Nicole Hoffman, a senior cyber threat intelligence analyst at Digital Shadows, a provider of digital risk protection solutions in San Francisco, agreed that implementing DMARC can be a daunting task. “If implemented incorrectly, it can break things and disrupt business operations,” she told TechNewsWorld.

“Some organizations hire third parties to assist with implementation, but this requires financial resources that need to be approved,” she said.

He cautioned that DMARC will not protect against all forms of email domain spoofing.

“If you receive an email that appears to be from Bob on Google, but the email actually originated from Yahoo Mail, DMARC will detect it,” she explained. “However, if a threat actor registers a domain similar to that of Google, such as Google3, DMARC will not detect it.”

Unused domains can also be a way to avoid DMARC. “Domains that are registered but unused are also prone to email domain spoofing,” Luray explained. “Even when organizations have implemented DMARC on their primary domains, failing to enable DMARC on unused domains makes them potential targets for spoofing.”

Unique challenges of universities

Universities can have their own difficulties when it comes to implementing DMARC.

“Many times universities don’t have a centralized IT department,” Brian Westnage, Red Sift senior director of global channels, told TechNewsworld. “Each college has its own IT department operating in silos. This can make it a challenge to implement DMARC across the organization as everyone is doing something different with email. ,

Witt said the ever-changing student population at universities, coupled with a culture of openness and information-sharing, can often conflict with the rules and controls needed to effectively protect users and systems from attack and compromise.

In addition, he continued, many educational institutions have an affiliated health system, so they need to comply with the controls associated with a regulated industry.

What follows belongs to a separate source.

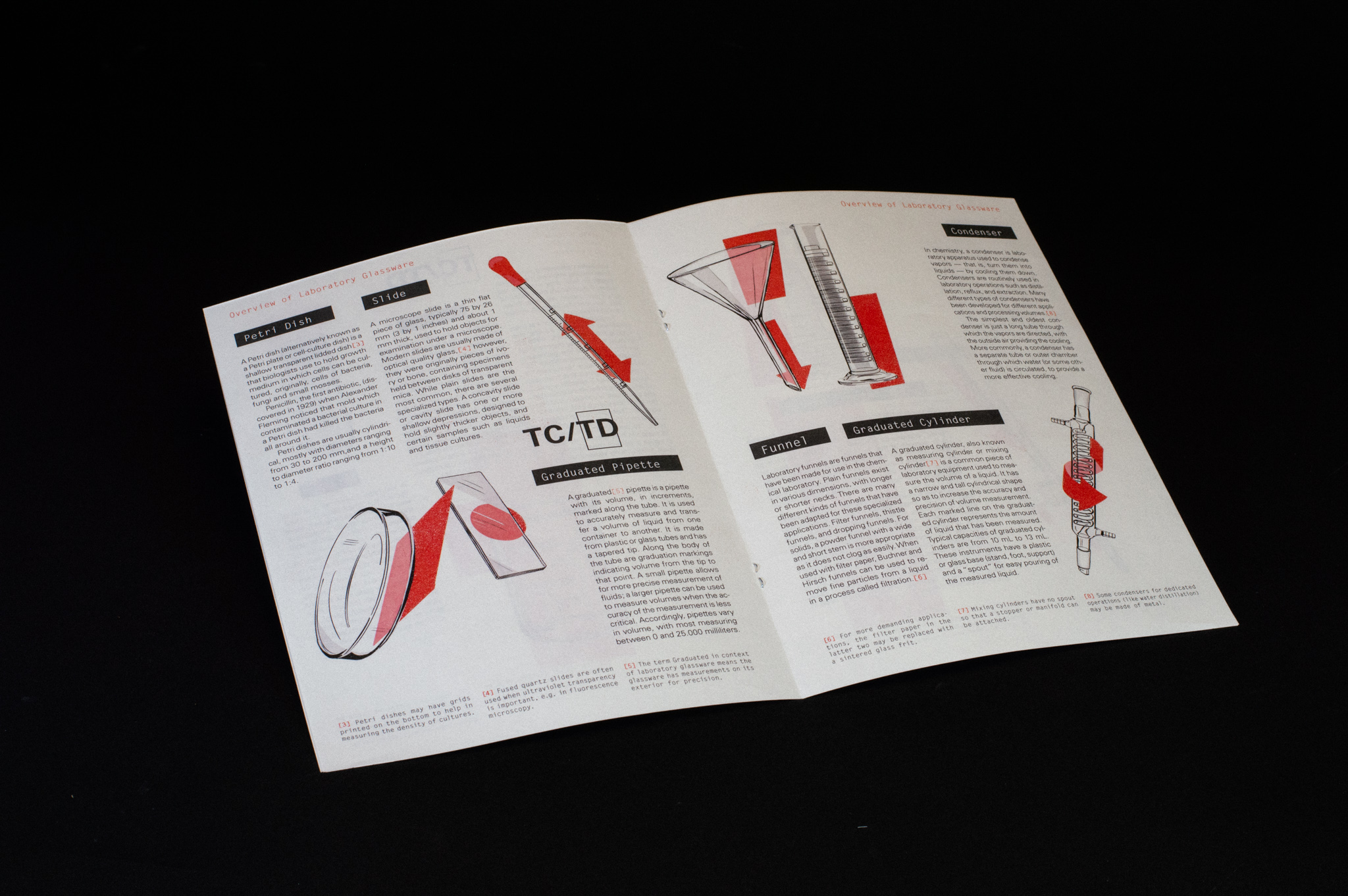 Lab Glassware incorporates illustration alongside exploration of grid structures. The topic of laboratory glasswares covers the history, functions and the different variety of uses for its distinct shapes. The illustration was done digitally using industrial design sketch elements such as thick flat arrows and colored planes calling to areas of interest. The field guides are separated into three booklets; manuscript, multi-column and deconstructed or superimposed.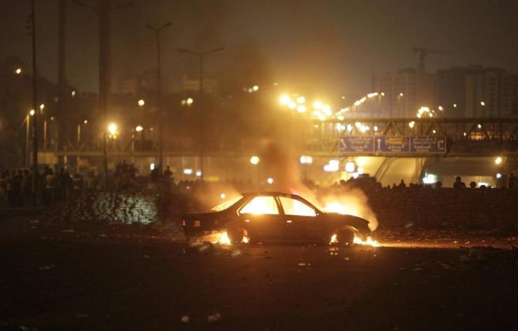 A car that members of the Muslim Brotherhood and supporters of deposed Egyptian President Mohamed Mursi say was burnt by police and plain-clothed people is seen during clashes in Nasr city area, east of Cairo July 27, 2013. The Muslim Brotherhood said at least 31 people died early Saturday after security forces attacked a protest by supporters of deposed President Mohamed Mursi in Cairo. REUTERS/Asmaa Waguih (EGYPT – Tags: POLITICS CIVIL UNREST)

Funding at universities could also be an issue, noted John Bumbank, the principle threat hunter of Netenrich, a San Jose, Calif.-based IT and digital security operations company. “The biggest challenge for universities is under-funding of security teams – if they have one – and under-funding of IT teams in general,” he told TechNewsWorld.

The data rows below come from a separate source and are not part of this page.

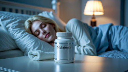 container with capsules, inscription melatonin, a girl is sleeping in the background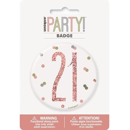 Glitz Rose Gold Birthday Badge 7.6cm (3") - 21st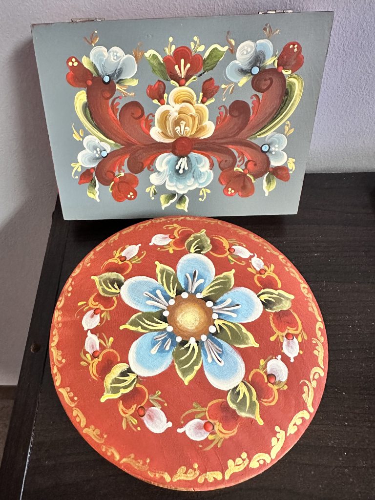 The Center has several great examples of activities that support the Sons of Norway desire to continue some of the “old ways.” The Center offers members and the public to experience rosemaling. Rosemaling is the decorative folk art of rural Norway that flourished in the 1700’s and 1800’s. Rosemaling (rose painting) could be found on walls, ceilings, and furniture throughout Norway in homes and churches.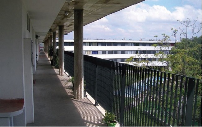 Ainda sobre o corredor, o fechamento do perímetro externo não seria realizado com o guarda‑corpo metálico, mas com elementos cerâmicos vazados, que teriam a altura do pé‑direito do corredor. Além de outros resultados estéticos e de alterações na própria volumetria da edificação, elas seriam capazes de proteger as paredes dos apartamentos contra o excesso de insolação, criando, inclusive, outras privacidades aos seus usuários. Essa proteção se confirma na prática, pois o sol poente estaria defronte a diversos apartamentos dispostos para o pátio central. Esse é um expediente que, senão inventado, grandemente aperfeiçoado durante décadas em solo brasileiro, utilizado em edifícios de apartamentos paradigmáticos, como os projetados por Lúcio Costa ao redor do Parque Guinle, bairro de Laranjeiras, Rio de Janeiro. Mais uma vez, as intenções projetuais foram frustradas pelas imposições da COHAB, que preferiu não adotar os elementos sugeridos. De todo modo, o elemento metálico vazado de meia‑altura certamente ampliou a visibilidade do gramado à frente e gerou outras integrações com o entorno.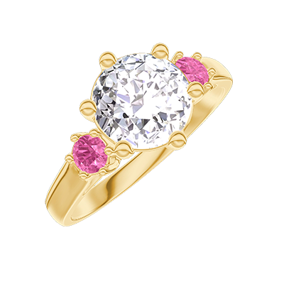 « L'ATELIER » N. 456141Anello Oro giallo 9 carati - Diamante di laboratorio Rotonda 1 Carati - Pietre laterali Zaffiro rosa

“Universities don’t pay particularly well, so part of it is the knowledge gap,” he said.

“Many universities have a culture against enforcing any policies that may hinder research,” he said. “When I worked at a university 15 years ago, there were knock-down drag-out fights against the mandatory antivirus on workstations.”

costly problem

Mark Arnold, vice president of advisory services at LARES, an information security consulting firm in Denver, noted domain spoofing is a significant threat to organizations and the technology of choice for threat actors to impersonate businesses and employees.

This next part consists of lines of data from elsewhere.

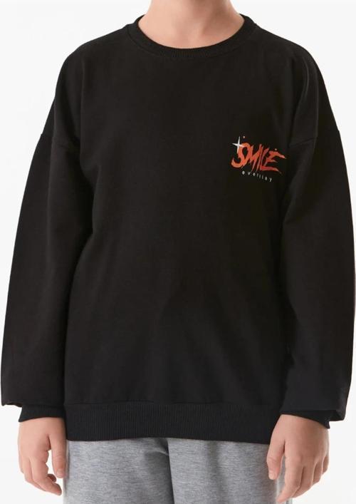 İrem Çocuk Giyim Erkek Çocuk /Kız Çocuk Önü Arkası Smile Yazılı Gezegen Resim Desenli Siyah Renk Sweatshirt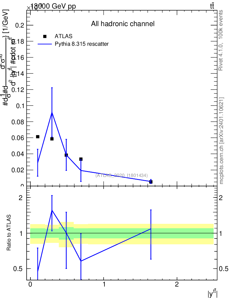 Lines: data, pythia8 8.315 rescatter |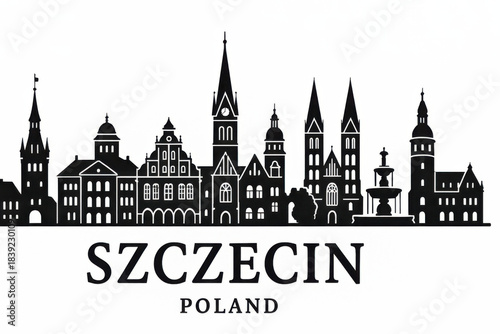 Naklejka premium Szczecin. Poland Panorama.black and white logo illustration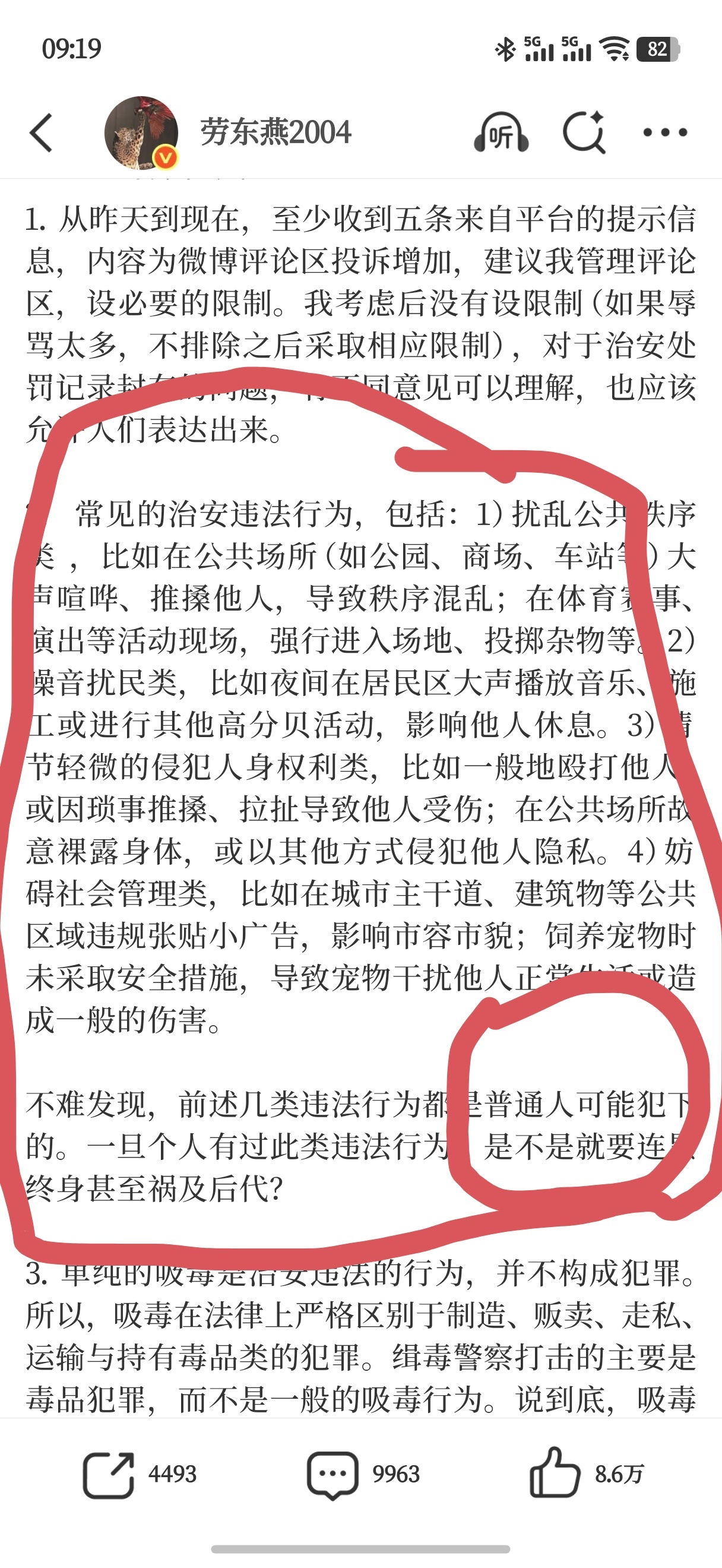 劳教授的观点为啥恶心呢?其一,她把没有素质的违法者称之为“普通人”——事实是:全国十四亿人口,就算老弱占一半还有7亿,日常生产生活7亿人,有几个天天违法的普通人?比例是多少?就按照另外那个分不清楚人次和人数的赵教授说的800万数据,占多大比例?怎么就普通人了?对吧?谁家普通人天天搁那违法啊?凭什么丫违法了要我们去宽容?该拘拘,该亮相亮相,一点儿问题没有啊。其二,又见国际接轨……一些腐朽的、肮脏的、下流的、龌龊的、资本主义制度下的垃圾国家就国际了?偏偏和一些堕落下贱的国家接轨哈?狗屁的国际接轨!给堕落下作找理由呢——与国际接轨,也没有往下接轨的,强奸犯戴脚环你们咋不接轨?吸毒入刑你们怎么不和国际接轨?怎么把国家往坏了整、怎么把普通人往火坑里推,你们就怎么接轨呗?真坏。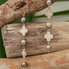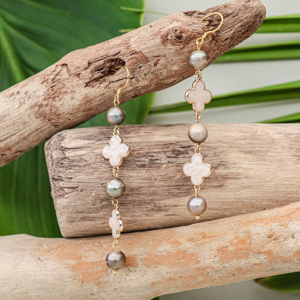 Each earring features a luminous Tahitian Pearl, accented by four-leaf clover motifs inlaid with pearl. Playful yet refined, they catch the light with every turn.

“Organizational threat models must account for this prevalent threat,” he told TechNewsWorld. “Implementing DMARC helps organizations filter and validate messages and thwart phishing campaigns and other commercial email agreements.”

Business email agreement (BEC) is probably the most costly problem of all cyber security, maintained Witt. According to the FBI, BEC thieves lost $43 billion between June 2016 and December 2021.

“Most people don’t realize how exceptionally easy it is to spoof email,” Witt said. “Anyone can send a BEC email to an intended target, and there is a high probability of it getting through, especially if the impersonated organization is not authenticating their email.”

“These messages often do not contain malicious links or attachments, bypassing traditional security solutions that analyze messages for these traits,” he continued. “Instead, emails are sent only with text designed to prepare the victim to act.”

“Domain spoofing, and its cousin typosquatting, are some of the lowest-hanging fruits for cybercriminals,” Bumbenek said. “If you can get people to click on your email because it looks like it’s coming from their own university, you’ll get a higher click-through rate and, by extension, more fraud damages, stolen credentials and more.” See you successful cybercrime.”

“In recent years,” he said, “attackers have been stealing students’ financial aid refunds. There is a lot of money to be made by criminals here.”